• What to produce
From the very first line of the records through the line that contains "Raoul le salue", repeat everything exactly except the pictures, and add nothing.

____

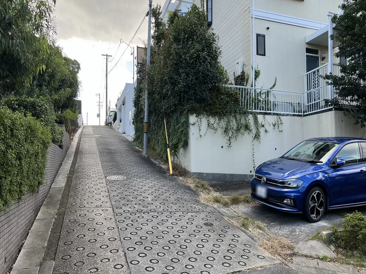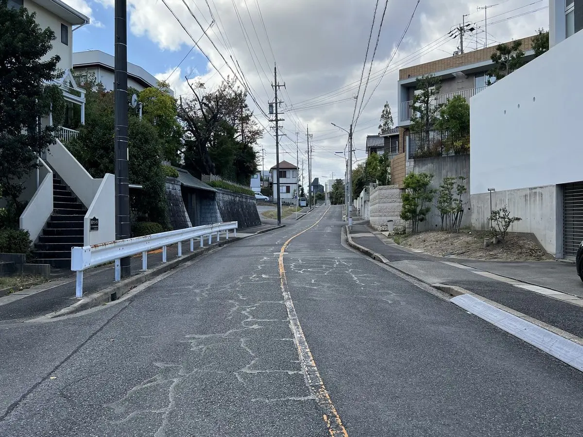 北東側の道路に関しては幅員が約12.3mと広く、大きなお車をお持ちの方でも不便なく利用できる土地になります。
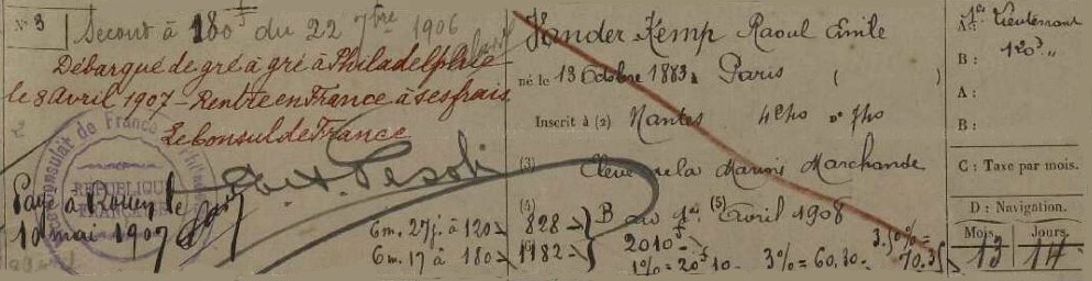 Raoul le salue rapidement et ajoute la gorge nouée : « Pierre, je voulais vous remercier pour l’appui que vous avez apporté à mon oncle, John Mayne Van der Kemp, lors du décès de mes parents. J’ai appris la triste nouvelle du décès de mon père, à peine débarqué du “Quévilly”, à Philadelphie le 8 avril par le Consul de France et je suis rentré au plus vite par le premier “transatlantique” pour voir mourir ma mère de la même maladie foudroyante que mon père, il y a à peine quinze jours ».
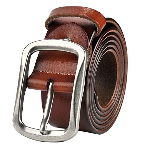-. Feature : Mens Retro Genuine Leather Metal Buckle Belt / 51.2''/130cm long,1.5'/3.8cm wide,Suitable for US Pants Size in 39''-42'' / Removable Metal Gold and Silver Buckle,Trim to Fit.Easy to Customise the Length to Suit Your Size / Comes with Leather Loop,Fully Adjustable / Buy Different Belts with Different Buckles,Change Everyday Outfits with Interchangeable Buckles
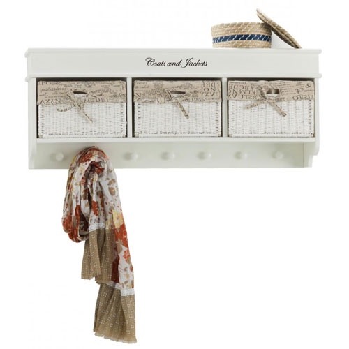 Cuier - MDF lacuit alb. 3 cosuri. 7 agatatori. L 100. H 40. A 20 cm. Dimensiuni cos: L 29. H 18,5. A 16,5 cm. Pret: 299 lei.
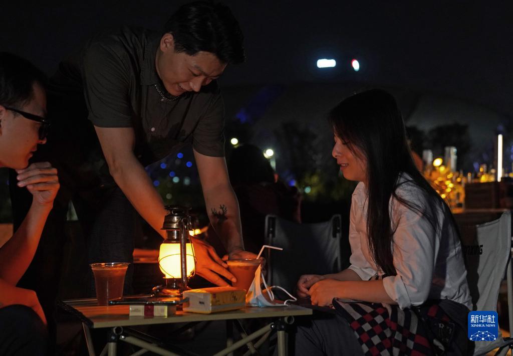 在南昌市紅谷灘區的一處空地,呂琦飛(中)為客人送上一杯調制的飲料(9月22日攝)。
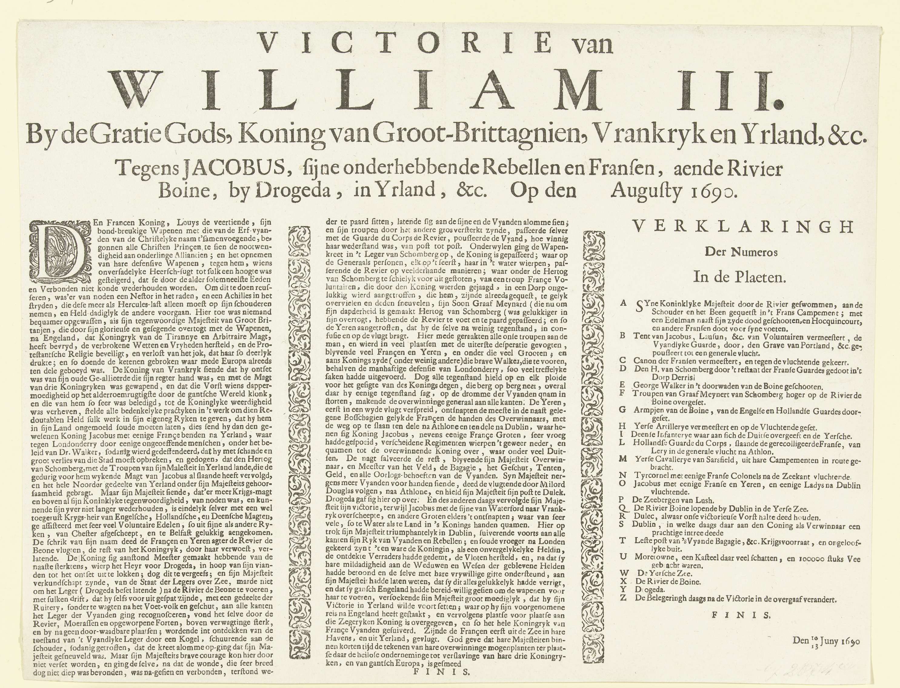 Tekstblad bij de prent van de overwinning van Willem...

____

• Output for this task
 北東側の道路に関しては幅員が約12.3mと広く、大きなお車をお持ちの方でも不便なく利用できる土地になります。
 Raoul le salue rapidement et ajoute la gorge nouée : « Pierre, je voulais vous remercier pour l’appui que vous avez apporté à mon oncle, John Mayne Van der Kemp, lors du décès de mes parents. J’ai appris la triste nouvelle du décès de mon père, à peine débarqué du “Quévilly”, à Philadelphie le 8 avril par le Consul de France et je suis rentré au plus vite par le premier “transatlantique” pour voir mourir ma mère de la même maladie foudroyante que mon père, il y a à peine quinze jours ».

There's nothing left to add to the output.